Task description:
In the answer, each entry below appears exactly as given, and no picture appears at all.

- - - -

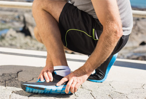 신발을 바꾼 경우, 운동하는 곳의 바닥이 딱딱한 경우 등이 아킬레스 건염을 유발하는 요인입니다. -
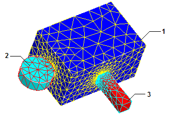 Dans l'exemple ci-dessous, les volumes 2 et 3 sont très proches du volume 1 mais ne le touchent pas. Les zones où les volumes sont presque en contact vont être maillées plus densément.
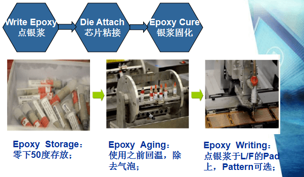 成分為環(huán)氧樹脂填充金屬粉末(Ag);有三個作用:將Die固定在Die Pad上; 散熱作用,導電作用;
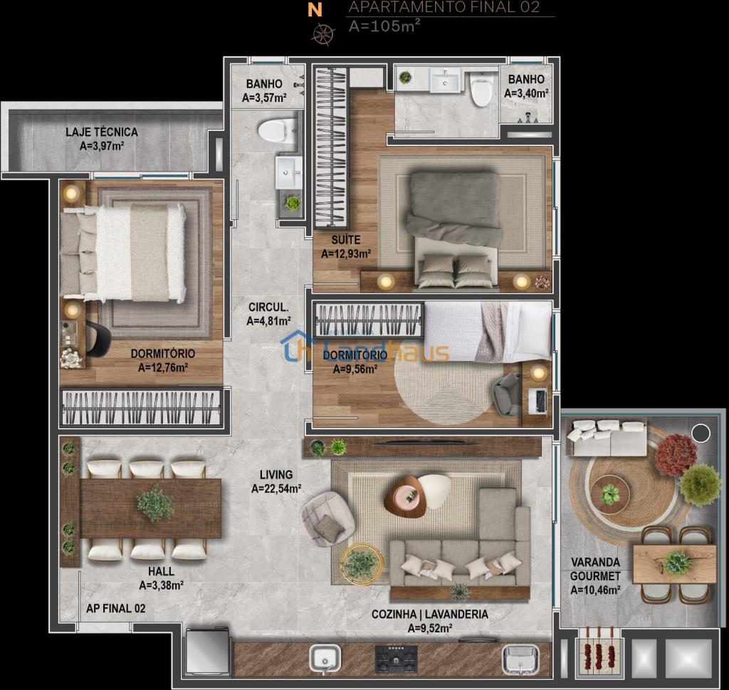 - Piso em porcelanato ou laminado
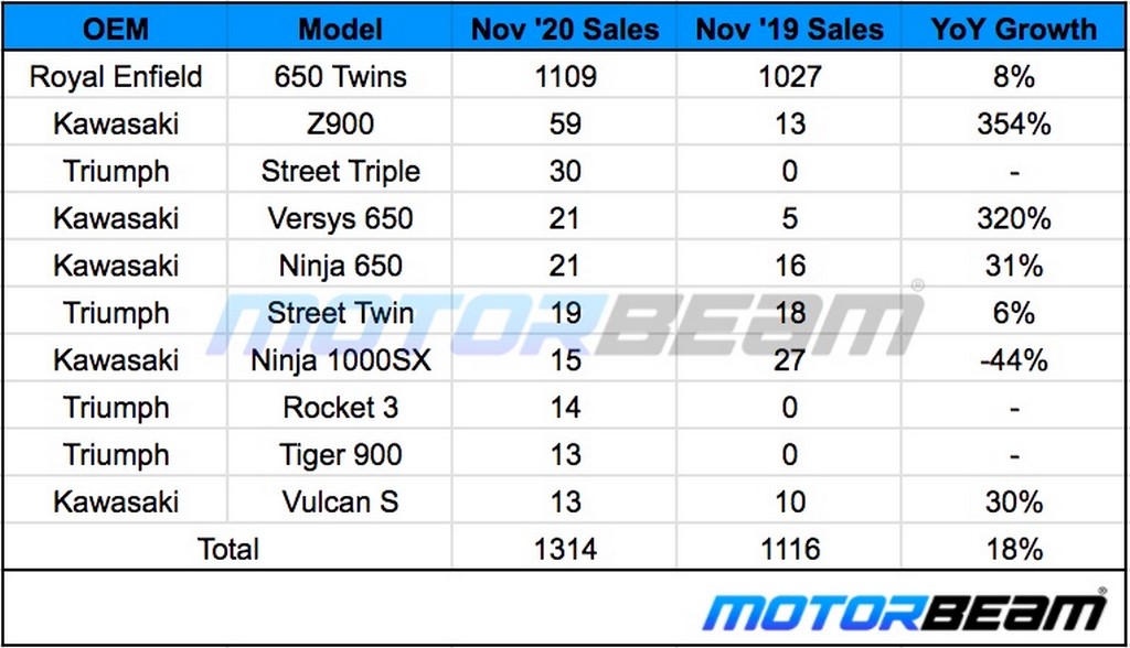Performance bike sales in November 2020 were up by 18 percent over the same period a year ago and once again the 650 twins from Royal Enfield were the biggest contributors.
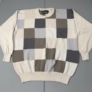 Pringle of Scotland Lambswool Sweater Mens XL Long Sleeve Check Brown Crew Neck

- - - -

Result of the task:
 신발을 바꾼 경우, 운동하는 곳의 바닥이 딱딱한 경우 등이 아킬레스 건염을 유발하는 요인입니다. -
 Dans l'exemple ci-dessous, les volumes 2 et 3 sont très proches du volume 1 mais ne le touchent pas. Les zones où les volumes sont presque en contact vont être maillées plus densément.
 成分為環(huán)氧樹脂填充金屬粉末(Ag);有三個作用:將Die固定在Die Pad上; 散熱作用,導電作用;
 - Piso em porcelanato ou laminado
Performance bike sales in November 2020 were up by 18 percent over the same period a year ago and once again the 650 twins from Royal Enfield were the biggest contributors.
 Pringle of Scotland Lambswool Sweater Mens XL Long Sleeve Check Brown Crew Neck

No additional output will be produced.